期刊
FRONTIERS IN CELLULAR NEUROSCIENCE
卷 16, 期 -, 页码 -出版社
FRONTIERS MEDIA SA
DOI: 10.3389/fncel.2022.1006703
关键词
natural scene analysis; visual cortex (VC); textures analysis; efficient coding hypothesis; sensory system
资金
- NSF [PHY-1734030, CISE 2212519]
- NIH [R01EB026945]
This article reviews recent findings that demonstrate the adaptation of central circuits in the visual brain to key aspects of natural scenes. It also discusses the potential role of adapting to natural temporal statistics in learning and representing visual objects, and proposes two challenges for future research.

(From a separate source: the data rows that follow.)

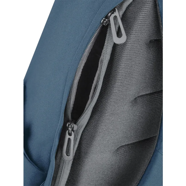 100% poliestere 600D riciclato rPET, equivalente a 7 bottiglie. Zaino impermeabile con scomparto principale con accesso nascosto, due tasche esterne, tasche interne. Scomparto per laptop (15,6"). Tasca posteriore con zip e fodera con anti-RFID, cordino di sicurezza 'anti-scippo'. Pannello posteriore imbottito e traspirante, cinturino al petto regolabile, manico imbottito. Senza PVC. Etichetta TearAway.
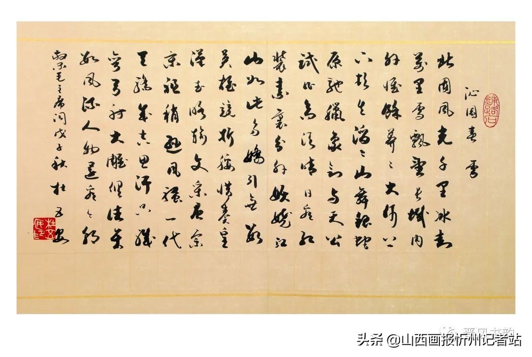 从他的小草的书法作品当中,看得出他在我们中国传统的书法作品中,尤其是二王这个范畴内,他下了很多的功夫。这个很多功夫呢,就是他把二王的这些传统的基本的技法、字法,包括结构法,包括他的字的体式法,这些技法程式,他基本上都掌握了。
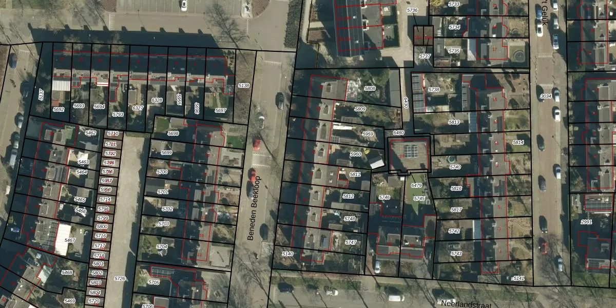 Beneden Beekloop 16 is gelegen op kadastraal perceel GDP00D5960. Deze kadastrale aanduiding is uniek en wordt gebruikt door het Kadaster om eigendomsrechten en andere zakelijke rechten vast te leggen. Het perceel maakt onderdeel uit van de kadastrale gemeente Geldrop.

Neural circuits in the periphery of the visual, auditory, and olfactory systems are believed to use limited resources efficiently to represent sensory information by adapting to the statistical structure of the natural environment. This efficient coding principle has been used to explain many aspects of early visual circuits including the distribution of photoreceptors, the mosaic geometry and center-surround structure of retinal receptive fields, the excess OFF pathways relative to ON pathways, saccade statistics, and the structure of simple cell receptive fields in V1. We know less about the extent to which such adaptations may occur in deeper areas of cortex beyond V1. We thus review recent developments showing that the perception of visual textures, which depends on processing in V2 and beyond in mammals, is adapted in rats and humans to the multi-point statistics of luminance in natural scenes. These results suggest that central circuits in the visual brain are adapted for seeing key aspects of natural scenes. We conclude by discussing how adaptation to natural temporal statistics may aid in learning and representing visual objects, and propose two challenges for the future: (1) explaining the distribution of shape sensitivity in the ventral visual stream from the statistics of object shape in natural images, and (2) explaining cell types of the vertebrate retina in terms of feature detectors that are adapted to the spatio-temporal structures of natural stimuli. We also discuss how new methods based on machine learning may complement the normative, principles-based approach to theoretical neuroscience.